RPHYX / RPHIX just paid a whopping monthly interest dividend - over 5x the next largest monthly dividend in 2022. For RPHIX, it was 14.11¢ per share vs. 2.5*¢ per share in Aug, Sept, and Oct.

This pattern of larger (but not this large!) December divs seems to have started in 2020, when the Dec div was about 10% higher than the next highest monthly div, and accelerated in 2021, when the Dec div was double that of the next highest monthly div.

http://riverparkfunds.com/assets/pdfs/rpsthyf/RiverPark_Short_Term_High_Yield_Institutional.pdf
http://riverparkfunds.com/assets/pdfs/rpsthyf/RiverPark_Short_Term_High_Yield_Retail.pdf

Any guesses as to what's happening? This fund does not invest internationally so currency hedging cannot be the cause, which is what Yogi speculated could explain FMIJX 's large div.

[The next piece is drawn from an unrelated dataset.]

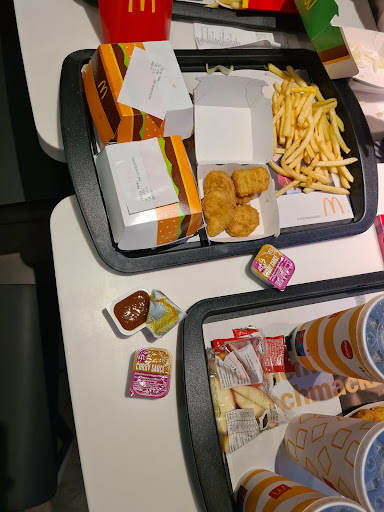 Read moreDieser McDonald's ist auf der Skala nach unten kaum noch zu unterbieten. Wer schnell etwas essen möchte - und das verstehe ich unter Fast Food - sollte einen großen Bogen machen. Wir haben auf eine Kindertüte und ein Brötchen mit Boulette zum Mitnehmen ganze 22 min gewartet. Die Frau neben uns ganze 30 min... In der Zeit bekomme ich in einem traditionellen Restaurant ein richtiges Essen! Mit Bedienung und die Getränke kommen dann trotzdem noch zeitiger. Der Manager - selber nur begrenzt der deutschen Sprache mächtig erklärte uns, dass es an den neuen Fachkräften in der Küche liegt: zu langsam und sie verstehen nicht was sie tun sollen. Da die Küche offen ist kann man dem Treiben beim Warten zusehen... Katastrophal! Es sind zwar 6 oder 7 Mitarbeiter in der Küche, aber es passiert eigentlich nix. Die Zutaten werden für jeden Burger gesucht. Wenn was fertig ist, wird's in eine große Warmhalteschale geworfen, bis es endlich jemand schafft, die Bestellung zusammenzustellen. Die Anzeigetafel zeigt nach einer knappen viertel Stunde die eigene Bestellnummer nicht mehr an... Die vielen Monitore sind so unübersichtlich, dass man gar nicht weiß, was man bestellen kann und was das dann kostet... Das Geld für die Renovierung hätte man sich sparen können Ronald McDonald würde sich im Grab...

All I've turned up so far is Russell Investment's generic explanation for variable December income divs:
The last distribution of the year in mid-December may vary from other monthly distributions more significantly. This distribution reflects actual income received by the fund for part of the month of December plus an estimate for the remainder of the month of December. Also included in these distributions are tax adjustments and adjustments required as a result of the audit of financial statements, reflecting the full year of operations of a fund. Therefore, these adjustments may significantly increase or decrease the mid-December distributions relative to other monthly distribution
https://russellinvestments.com/-/media/files/us/funds/income-dividend-distributions-004519958.pdf

Setting aside mid-month estimates (Riverpark distributes at end of month), that leaves tax adjustments and financial statement adjustments. Whatever those mean.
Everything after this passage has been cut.